Today the Hightown Club offers sporting and social facilities for lawn bowls, cricket, squash, tennis and junior football
, although in the past there have been highly successful hockey and rugby sections. The rugby section sadly folded in 2000 and men's hockey merged with Northern in the mid-1980s.
The Hightown ladies hockey team were one of the country's most prominent clubs in the 1980s and 90s, when they were led by England international Maggie Souyave. Since then they have played in several locations outside the village before eventually settling at Cheshire club Bowdon.
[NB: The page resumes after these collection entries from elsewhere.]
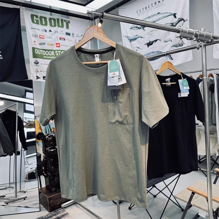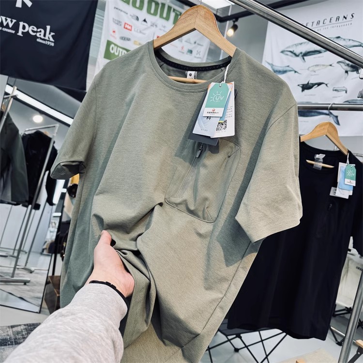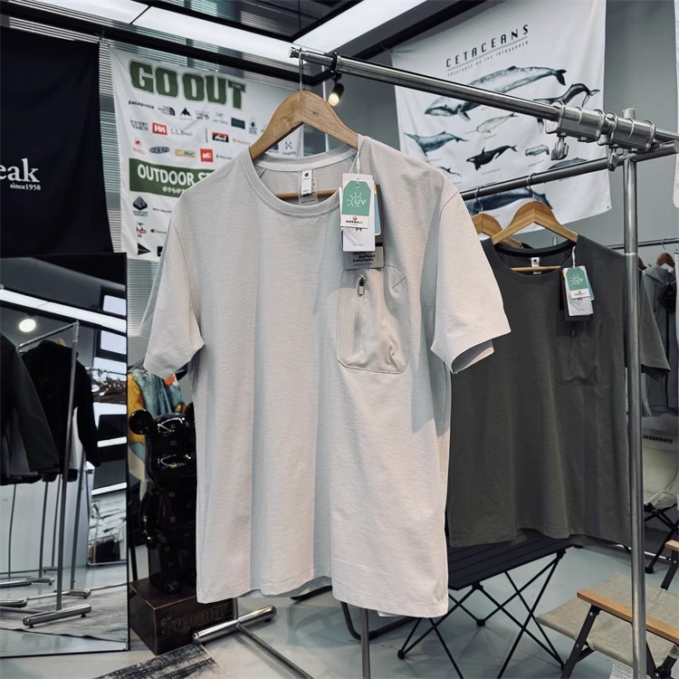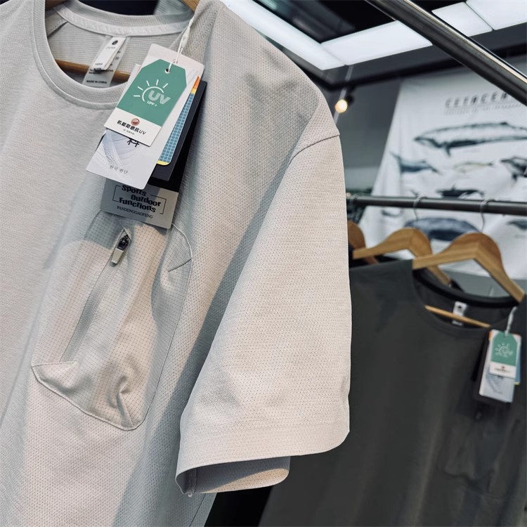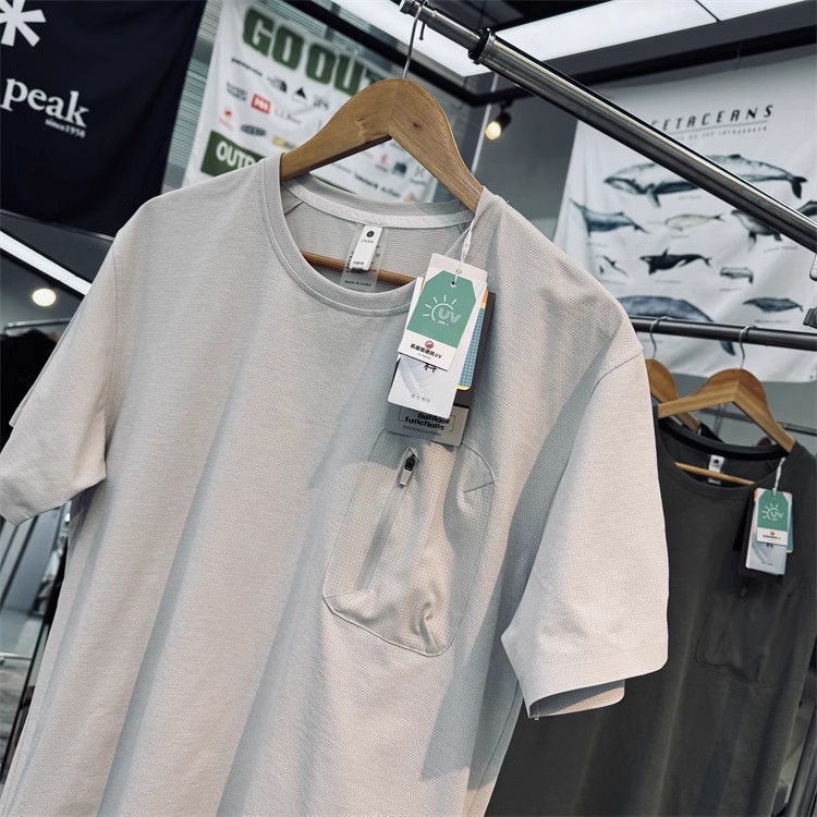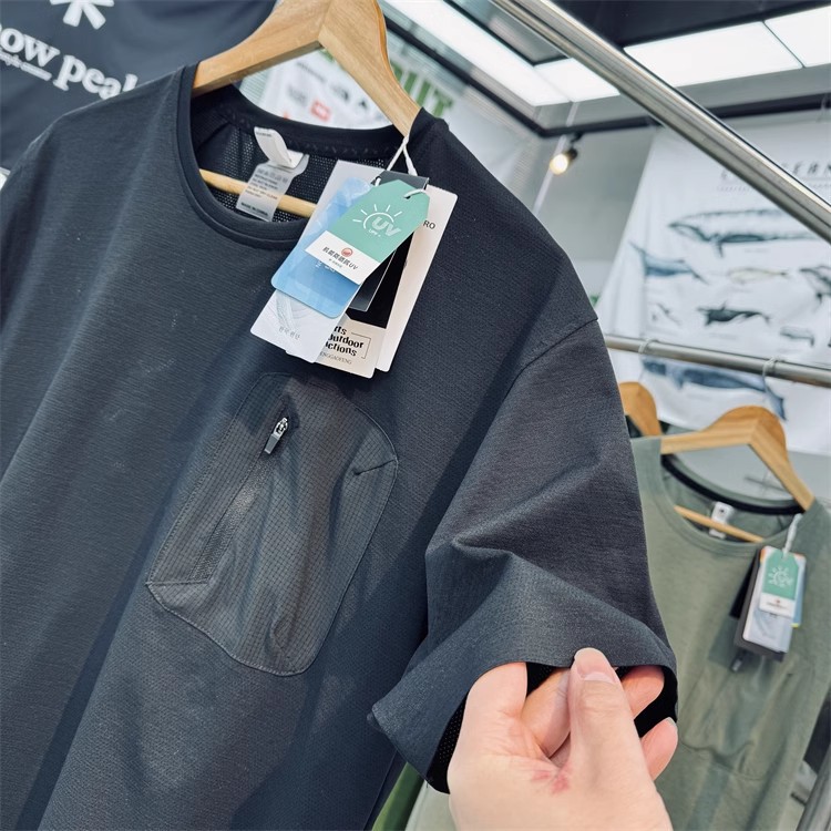 남성용 및 여성용 속건성 티셔츠, 아웃도어 마운틴 스타일 입체 포켓, 흡습성 및 통기성 메쉬 코튼 느낌 반팔 스포츠 언더셔츠스토어 가기
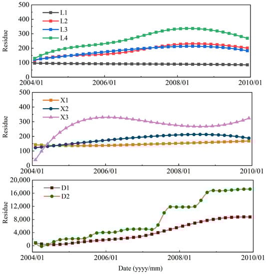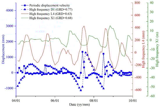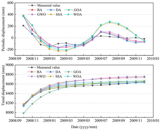 The results show that the trend displacement component of G1 has local fluctuations and an increasing trend over time, which is consistent with a long-term trend of cumulative displacements. The periodic displacement component shows a cyclical variation in displacements ranging from −800 to 917 mm. The maximum variation range of periodic displacement occurred in the 2007 rainy season when the TGR was first impounded. As the periodic displacement and trend displacement are important components of the cumulative displacement, they will be separately modeled and predicted. Once the best prediction for each component is obtained, the best prediction for cumulative displacement is obtained.
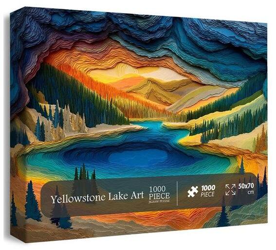 A Yellowstone-tó nyugodt szépsége kel életre a Bboldin 1000 db-os puzzle - Yellowstone Lake Art (PT-353) képén lenyűgöző, stilizált formában. A kékek, a zöldek és az aranyló naplemente kontrasztja különleges, álomszerű hangulatot kelt.

Cricket is most prominent sport played at the club, with the 1st XI currently playing in the Premier League of the Liverpool and District Cricket Competition. The captain for the 2012 season will be Shaun Vosloo, who replaced Ian Sutcliffe following the latter's 11-year reign as skipper.

On 16 January 2011 the club was completely destroyed by a large fire due to an electrical fault near the function suite.
Since the fire, all the sporting sections have been using temporary facilities and the club is planning a complete rebuild of the clubhouse, with work to commence in 2012.

==Governance==
From 1950 until 2010 Hightown was within the boundaries of the Crosby constituency, whose MP from 1997 until 2010 was Claire Curtis-Thomas, a member of the Labour Party. Prior to her election the Crosby seat was generally considered to be a safe Conservative Party stronghold with Tory MPs elected at every election barring the 1981 Crosby by-election where Shirley Williams of the Social Democratic Party was elected to represent the constituency. As a result of boundary revisions for the 2010 general election the Crosby constituency was abolished with its northern parts, including Hightown, being merged with the eastern parts of Sefton that were formerly part of the Knowsley North and Sefton East constituency, to form the new constituency of Sefton Central, which is currently represented by the Labour Party MP Bill Esterson.

For elections to Sefton Council the village and Civil parish of Hightown is within the Manor electoral ward and is represented by three councillors. The councillors of Manor ward are Martyn Barber of the Conservative Party, John Gibson of the Liberal Democrats, and Steve McGinnity of the Labour Party.